1) Run. Run far. Until I can't run anymore. So like... the next block over. Walk the rest of the way to my car in shame.

2) Go up to him and be super snarky. Tell him I don't appreciate being ignored and ask why he's being so sketchy. Yell "WHO IS SHE???" super loud.

3) Talk to him like an emotionally stable human.

I think about all my options, and decide the 3rd is the most adult-like thing to do. I approach and say hi, tell him he sounded good, pretend I am not pissed at all, the usual. I tell him I'm not staying, because I had a friend staying at my house that night, which was true. Could I have stayed longer? Yeah. But I was extremely uncomfortable and he clearly was not going to hang out with me the rest of the show. He says, "We should hang out sometime!" which is guy code for either "I never want to see you ever again" or "we should hang out sometime." It could go either way. I leave, and am pretty mad at myself for not foreseeing how poorly this was all going to go. Life was not an indie movie. I am just a Tinder girl, in a Tinder world. Life in matches. Not fantastic!

OOOH OOOH. COME ON EVERYONE SING ALONG.
We end up meeting up later the next week (I'm breaking my rule of chronological order but this is important to the story), so obviously I find an opportunity to bring it up. I mention that I felt a little ignored at his show, and he begins to look confused. He takes a few seconds to remember what happened that night. He claims he saw me when he was performing but didn't notice me standing nearby after. He explained that he was just doing his own thing and that's why he usually doesn't invite people he knows to his shows. HOW DID I MISS THAT BEFORE?!? He probably had tried to steer me away from coming and I wasn't getting the hint. I had the 500 Days of Summer soundtrack blasting too loudly in my head. Oops.
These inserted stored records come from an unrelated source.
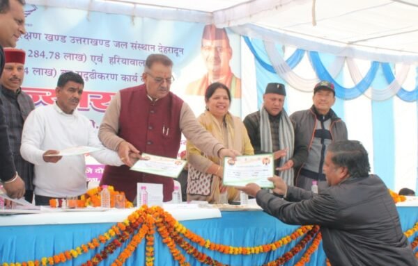 प्रदेश के कृषि एवं ग्राम्य विकास मंत्री गणेश जोशी ने रविवार को देहरादून के जैंतनवाला में जल जीवन मिशन के अर्न्तगत मसूरी विधानसभा के हरियावालाखुर्द के लिए (रुपये 267.84 लाख) एवं घंघोड़ा की पेयजल योजना के लिए (रुपये 284.78 लाख) की योजनाओं का शिलान्यास किया। इसके अलावा मंत्री गणेश जोशी ने प्रधानमंत्री आवास योजना (ग्रामीण) के तहत 19 पात्र परिवारों को आवासों के स्वीकृति पत्रों का भी वितरण किया।
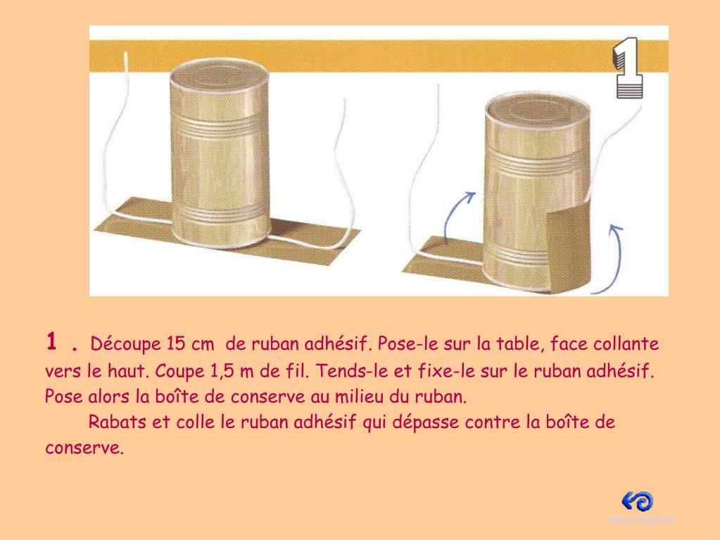 1 . Découpe 15 cm de ruban adhésif. Pose-le sur la table, face collante vers le haut. Coupe 1,5 m de fil. Tends-le et fixe-le sur le ruban adhésif. Pose alors la boîte de conserve au milieu du ruban. Rabats et colle le ruban adhésif qui dépasse contre la boîte de conserve. retour sommaire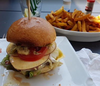 But before the arduous hour's run back to Cherbourg, nosh was needed. Situated incongruously in a little bloch of new-build housing ...
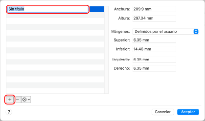 Haga clic en [+] en la parte inferior izquierda, haga clic en [Sin título] e introduzca el nombre del papel de tamaño personalizado.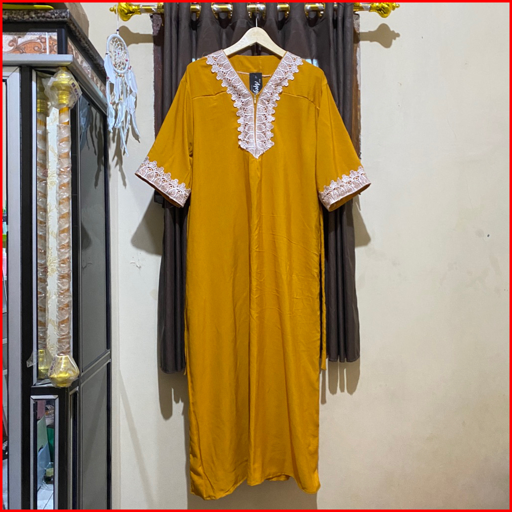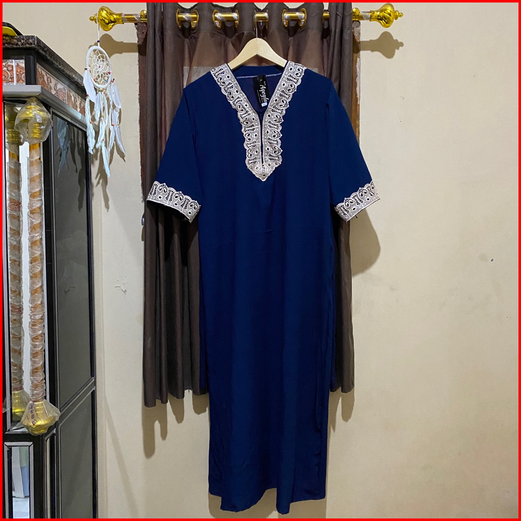 Daster Arab Zeema Jumbo Ld 120 Resleting Depan Busui Renda Milo Rayon Grade A Ori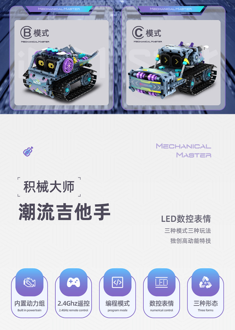 국경 간 Wan Zhi 8055 빌딩 블록 디지털 디스플레이 프로그래밍 로봇 유행 기타 연주자 원격 제어 전기 조립 어린이 소년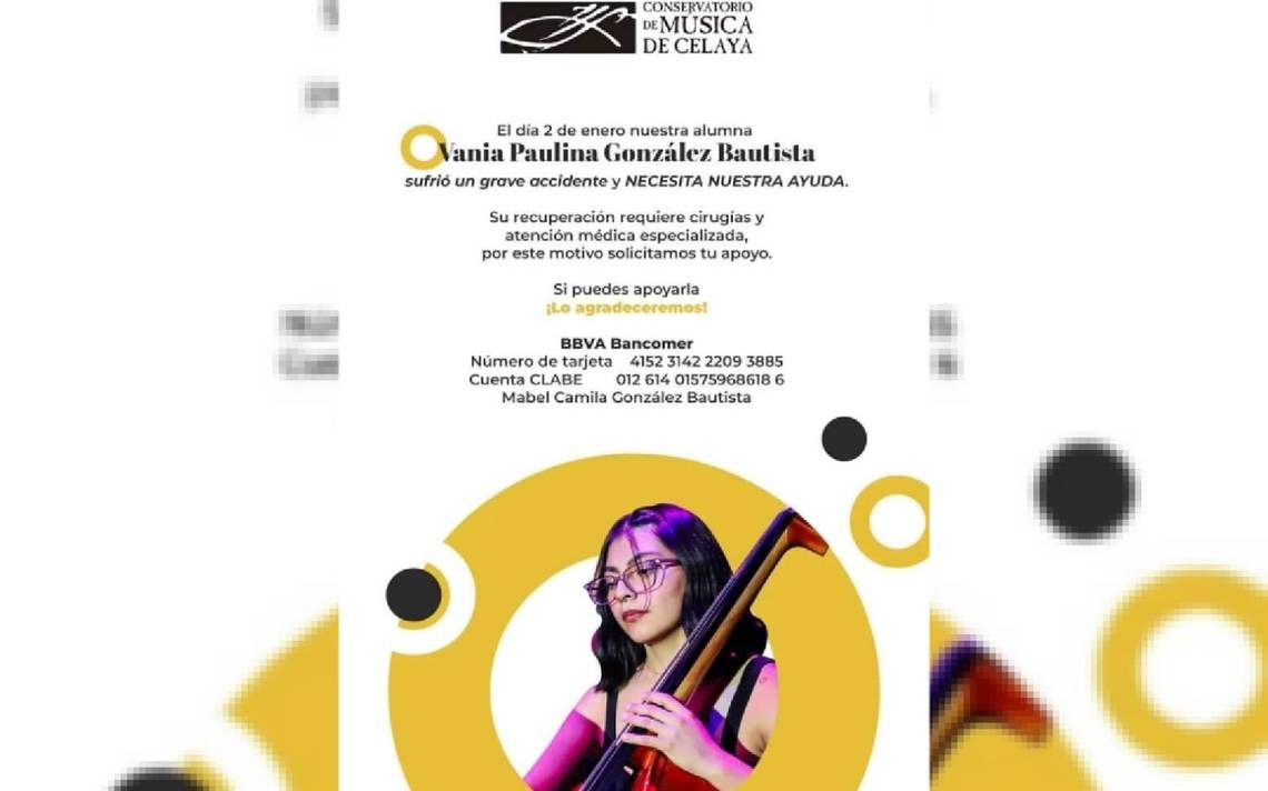CELAYA, Gto.- Debido a un fuerte accidente que sufrió la estudiante del Conservatorio de Música y Artes de Celaya, Vania Paulina González Bautista, en su natal Oaxaca, su familia, así como los directivos de la institución, solicitan el apoyo económico de la ciudadanía para solventar los gastos que ascienden a más de 50 mil pesos.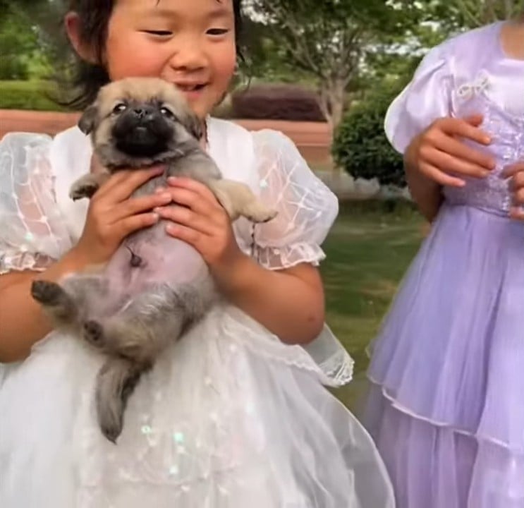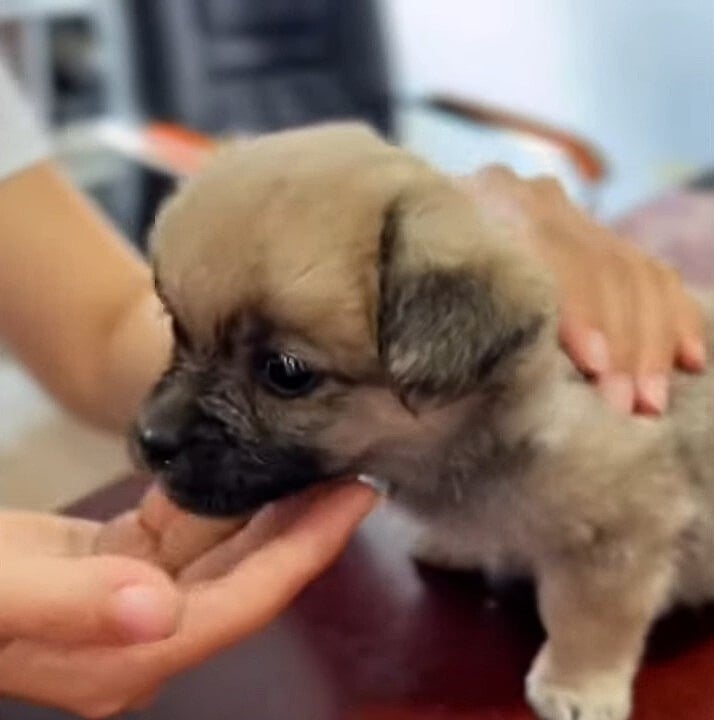 When kind-hearted people came to throw out their trash, they noticed the small puppy.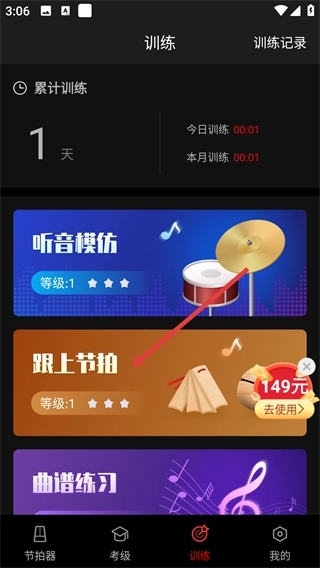 2、在訓(xùn)練頁面,選擇【跟上節(jié)拍】訓(xùn)練項目,可參與該節(jié)奏訓(xùn)練活動。
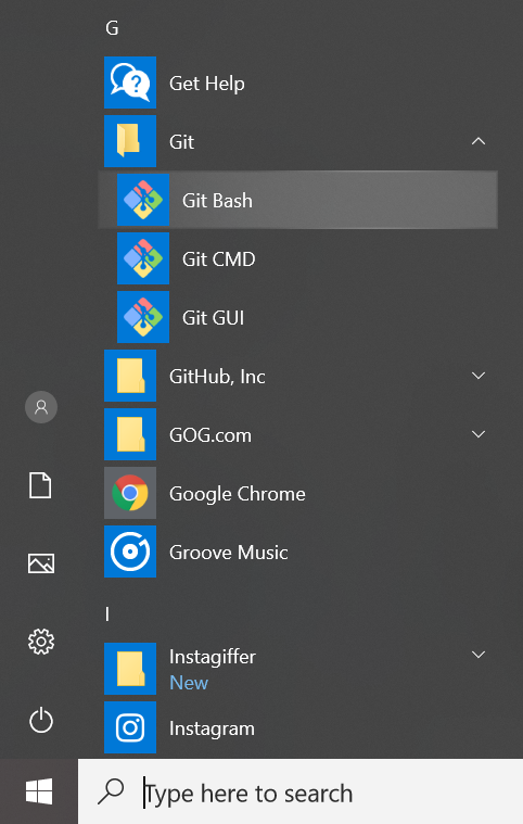 A veces quieres ejecutar Git Bash fuera de RStudio. Esta es la forma más sencilla: haga clic en el menú “Git” en el menú de Windows y seleccione “Git Bash”.

So basically, I misinterpreted everything and overreacted for no reason. Sounds about right! Way to go, me. We still talk sometimes but I think we both know it's not going to be anything serious. Although I never found out what shampoo he uses, I'm glad I gave it a chance. I learned that I really need to chill, and stop assuming the worst out of every man. The only upside to this is being pleasantly surprised when they do something very average. "You remembered my name??? Wow you're a gem, what are you doing for the rest of your life? You busy? Wanna get married?" But I will try to rewire my brain to stop taking things personally, as much fun as it is to make everything about me. Sometimes a guy isn't trying to piss you off and is literally not thinking about it. Or anything. I still haven't figured out how this occurs. If I'm not thinking about anything, assume I am comatose and take me to the hospital immediately.